Instructions to follow: Of the entries below, return only those lines from the line with "With two 8-gallon" to the line with "Bouquet de fleurs", exactly, both included.

Data extract:
§

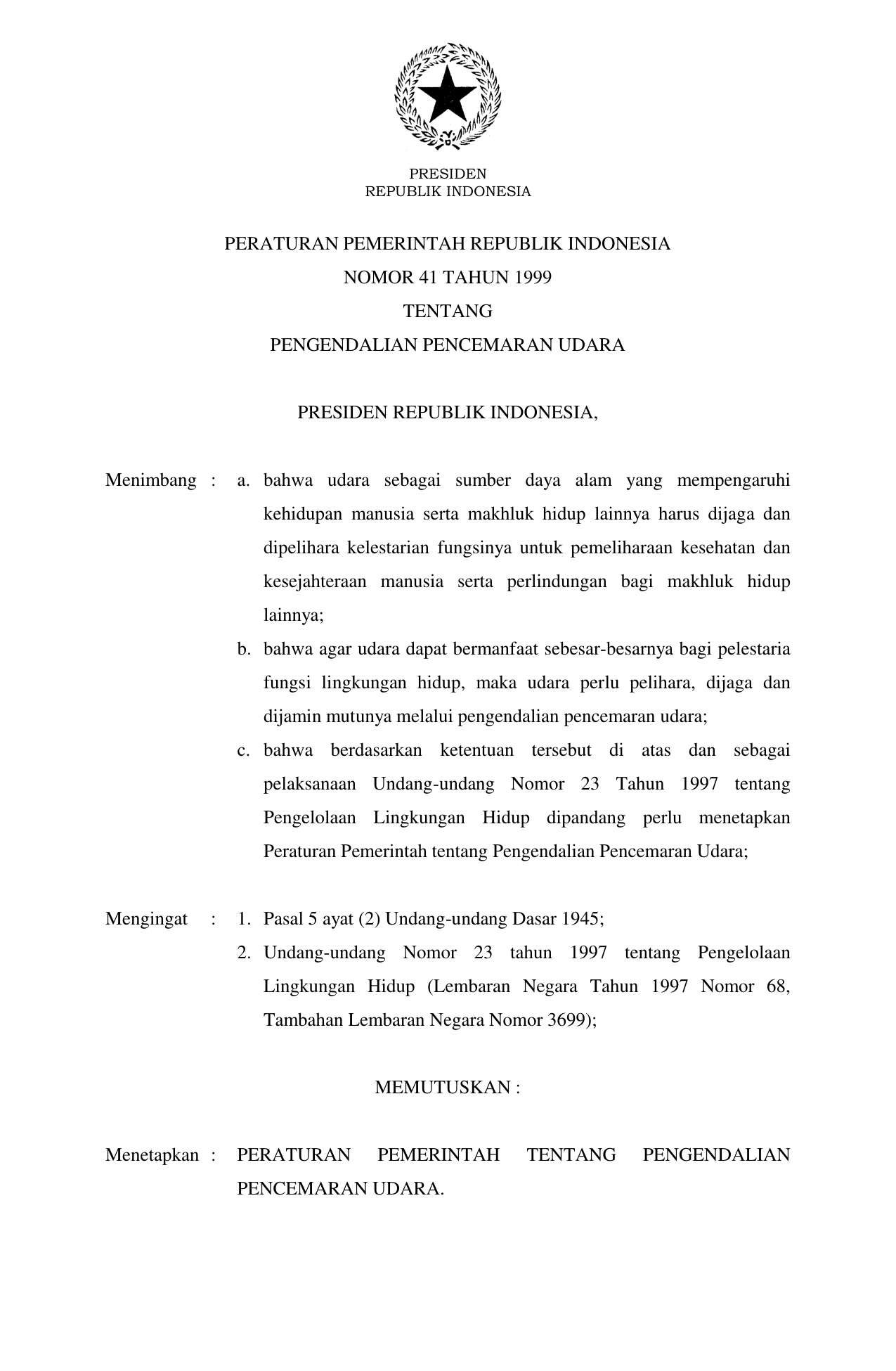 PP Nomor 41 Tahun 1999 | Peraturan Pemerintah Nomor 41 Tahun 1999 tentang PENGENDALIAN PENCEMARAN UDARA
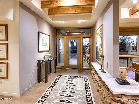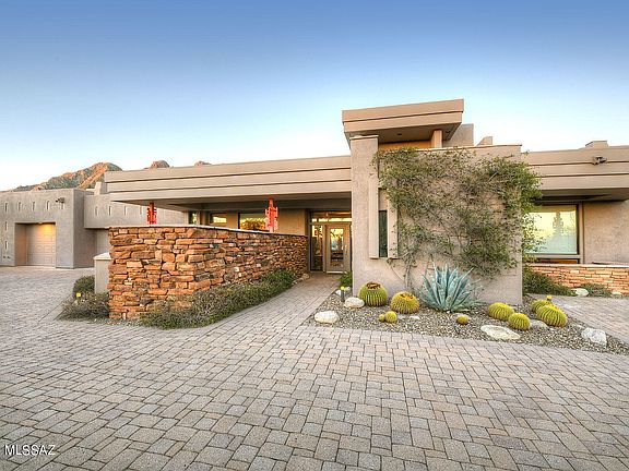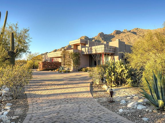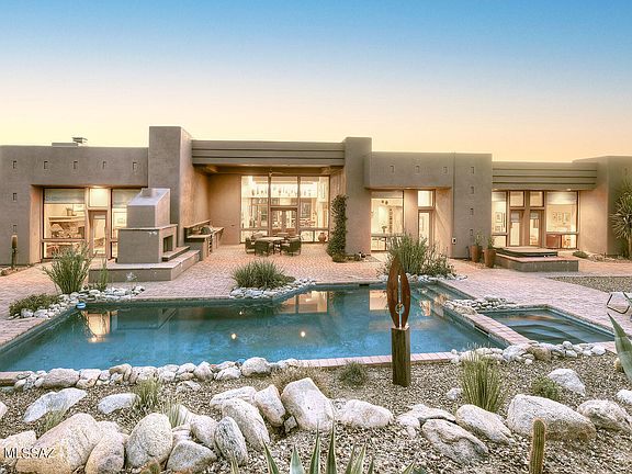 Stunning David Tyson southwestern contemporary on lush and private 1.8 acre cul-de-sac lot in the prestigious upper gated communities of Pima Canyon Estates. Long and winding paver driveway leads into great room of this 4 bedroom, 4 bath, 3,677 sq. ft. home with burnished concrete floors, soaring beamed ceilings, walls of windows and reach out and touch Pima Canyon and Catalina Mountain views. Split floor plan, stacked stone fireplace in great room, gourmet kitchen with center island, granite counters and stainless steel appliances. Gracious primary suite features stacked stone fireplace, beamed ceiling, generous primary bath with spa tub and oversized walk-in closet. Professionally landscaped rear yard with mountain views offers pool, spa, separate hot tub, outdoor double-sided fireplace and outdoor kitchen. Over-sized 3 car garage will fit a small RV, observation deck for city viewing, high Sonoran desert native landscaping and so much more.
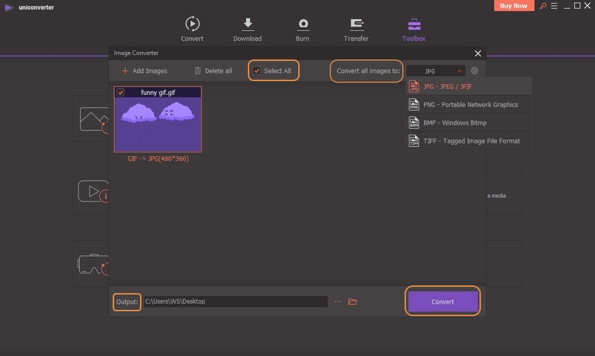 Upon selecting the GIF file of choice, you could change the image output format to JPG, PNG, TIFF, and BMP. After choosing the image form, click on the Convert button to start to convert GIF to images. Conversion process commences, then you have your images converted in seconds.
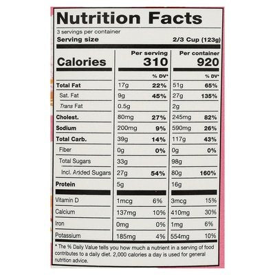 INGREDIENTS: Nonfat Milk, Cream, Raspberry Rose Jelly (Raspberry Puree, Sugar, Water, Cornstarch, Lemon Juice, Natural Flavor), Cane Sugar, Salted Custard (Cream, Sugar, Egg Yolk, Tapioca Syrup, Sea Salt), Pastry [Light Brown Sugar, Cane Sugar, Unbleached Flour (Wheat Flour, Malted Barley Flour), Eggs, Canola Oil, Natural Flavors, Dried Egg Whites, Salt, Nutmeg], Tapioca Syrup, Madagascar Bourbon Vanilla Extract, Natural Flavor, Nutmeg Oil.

§

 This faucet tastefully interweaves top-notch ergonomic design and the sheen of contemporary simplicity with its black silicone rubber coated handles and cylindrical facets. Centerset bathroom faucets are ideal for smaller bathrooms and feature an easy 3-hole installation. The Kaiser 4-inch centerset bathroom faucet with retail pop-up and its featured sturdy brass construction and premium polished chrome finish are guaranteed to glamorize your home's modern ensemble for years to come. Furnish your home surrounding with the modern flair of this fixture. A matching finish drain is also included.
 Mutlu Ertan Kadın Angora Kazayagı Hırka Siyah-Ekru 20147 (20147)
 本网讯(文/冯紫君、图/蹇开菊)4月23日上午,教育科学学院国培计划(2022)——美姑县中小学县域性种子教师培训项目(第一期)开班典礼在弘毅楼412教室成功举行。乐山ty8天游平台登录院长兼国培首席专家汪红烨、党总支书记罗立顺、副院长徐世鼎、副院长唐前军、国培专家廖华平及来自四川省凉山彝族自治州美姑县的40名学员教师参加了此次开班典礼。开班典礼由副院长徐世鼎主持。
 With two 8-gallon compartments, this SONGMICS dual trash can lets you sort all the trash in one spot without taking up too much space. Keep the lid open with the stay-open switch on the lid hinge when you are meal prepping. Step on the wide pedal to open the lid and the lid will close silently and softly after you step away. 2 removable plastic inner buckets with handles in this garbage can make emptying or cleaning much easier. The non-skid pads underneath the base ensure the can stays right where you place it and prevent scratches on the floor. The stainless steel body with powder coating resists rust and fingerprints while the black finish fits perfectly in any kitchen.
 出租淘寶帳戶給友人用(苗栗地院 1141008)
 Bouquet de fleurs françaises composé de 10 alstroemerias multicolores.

§

Completed exercise:
 With two 8-gallon compartments, this SONGMICS dual trash can lets you sort all the trash in one spot without taking up too much space. Keep the lid open with the stay-open switch on the lid hinge when you are meal prepping. Step on the wide pedal to open the lid and the lid will close silently and softly after you step away. 2 removable plastic inner buckets with handles in this garbage can make emptying or cleaning much easier. The non-skid pads underneath the base ensure the can stays right where you place it and prevent scratches on the floor. The stainless steel body with powder coating resists rust and fingerprints while the black finish fits perfectly in any kitchen.
 出租淘寶帳戶給友人用(苗栗地院 1141008)
 Bouquet de fleurs françaises composé de 10 alstroemerias multicolores.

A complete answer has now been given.